◆ **Task requirements**
Of all the lines in the entries, how many carry the word "with"? The reply is that number and no more.
━━ Information shown
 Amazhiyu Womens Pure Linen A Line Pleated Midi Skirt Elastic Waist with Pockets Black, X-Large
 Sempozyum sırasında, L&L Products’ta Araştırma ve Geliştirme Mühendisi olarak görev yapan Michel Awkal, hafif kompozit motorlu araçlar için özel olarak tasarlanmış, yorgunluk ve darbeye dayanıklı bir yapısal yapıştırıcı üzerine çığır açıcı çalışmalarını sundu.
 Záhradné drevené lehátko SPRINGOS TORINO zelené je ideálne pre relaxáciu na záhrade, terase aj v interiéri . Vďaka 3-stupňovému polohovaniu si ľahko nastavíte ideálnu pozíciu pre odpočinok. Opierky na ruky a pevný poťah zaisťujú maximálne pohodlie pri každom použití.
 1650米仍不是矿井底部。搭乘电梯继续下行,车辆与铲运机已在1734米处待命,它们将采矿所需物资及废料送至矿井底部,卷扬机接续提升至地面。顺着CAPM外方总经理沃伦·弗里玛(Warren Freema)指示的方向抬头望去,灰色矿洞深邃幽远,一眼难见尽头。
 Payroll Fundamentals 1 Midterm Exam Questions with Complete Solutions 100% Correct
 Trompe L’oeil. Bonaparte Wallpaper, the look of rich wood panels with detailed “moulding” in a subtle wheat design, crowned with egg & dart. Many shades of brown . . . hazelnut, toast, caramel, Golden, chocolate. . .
━━━━
━━ Information shown
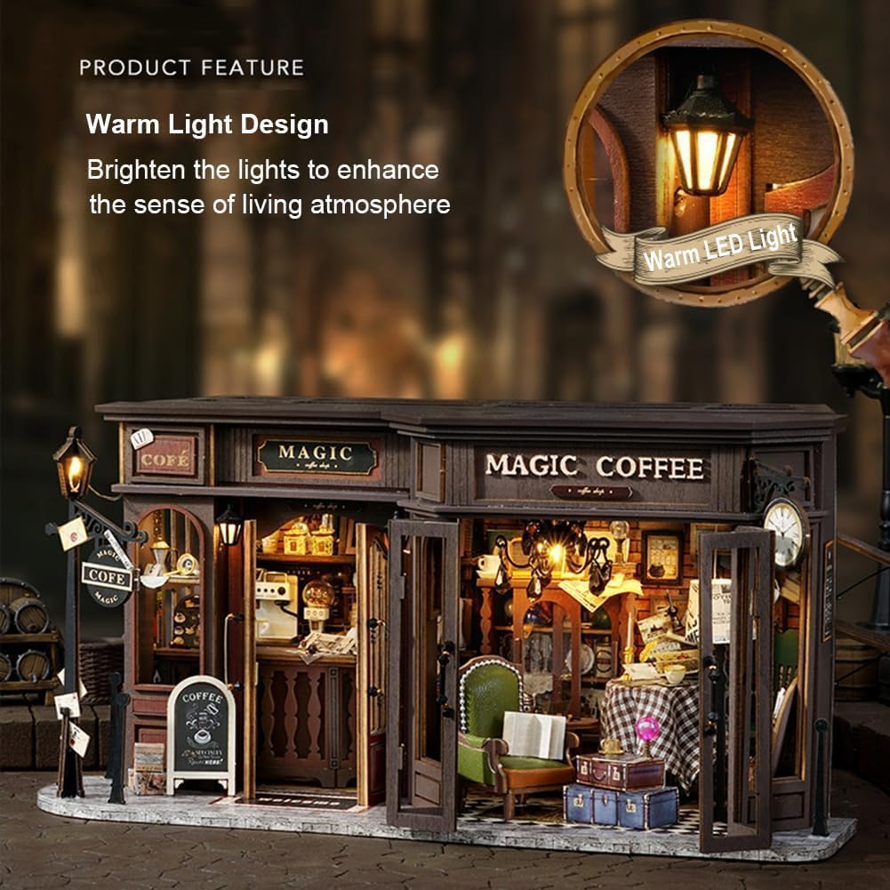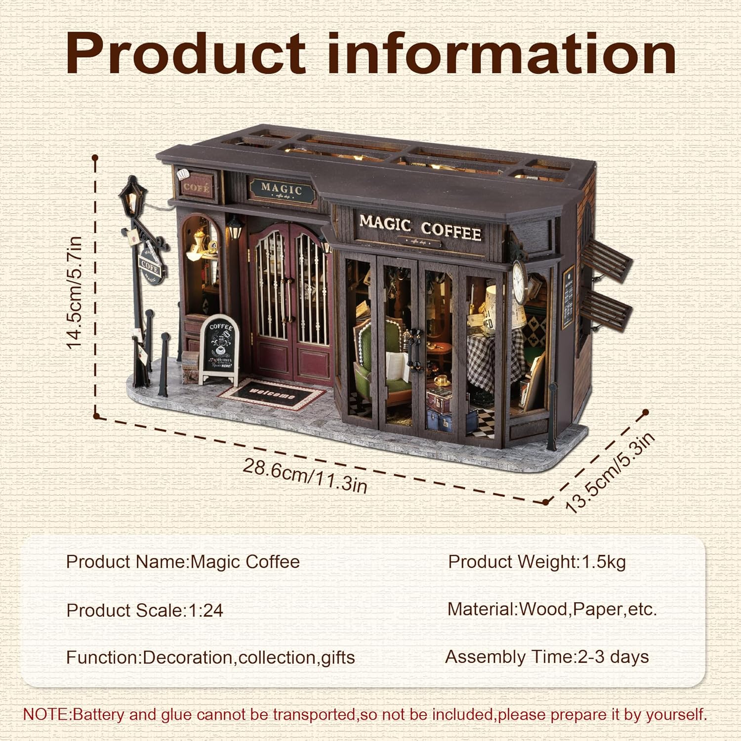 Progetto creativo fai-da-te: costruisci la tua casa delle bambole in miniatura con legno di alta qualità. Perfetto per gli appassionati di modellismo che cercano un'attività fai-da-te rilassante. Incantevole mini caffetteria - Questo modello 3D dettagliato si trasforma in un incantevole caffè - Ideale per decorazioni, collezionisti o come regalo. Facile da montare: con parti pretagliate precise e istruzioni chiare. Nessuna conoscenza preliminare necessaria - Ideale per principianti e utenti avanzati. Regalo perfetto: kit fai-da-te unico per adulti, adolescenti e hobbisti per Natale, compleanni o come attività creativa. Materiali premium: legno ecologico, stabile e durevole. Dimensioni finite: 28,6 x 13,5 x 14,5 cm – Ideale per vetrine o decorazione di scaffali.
━━━━
◆ **Final answer**
3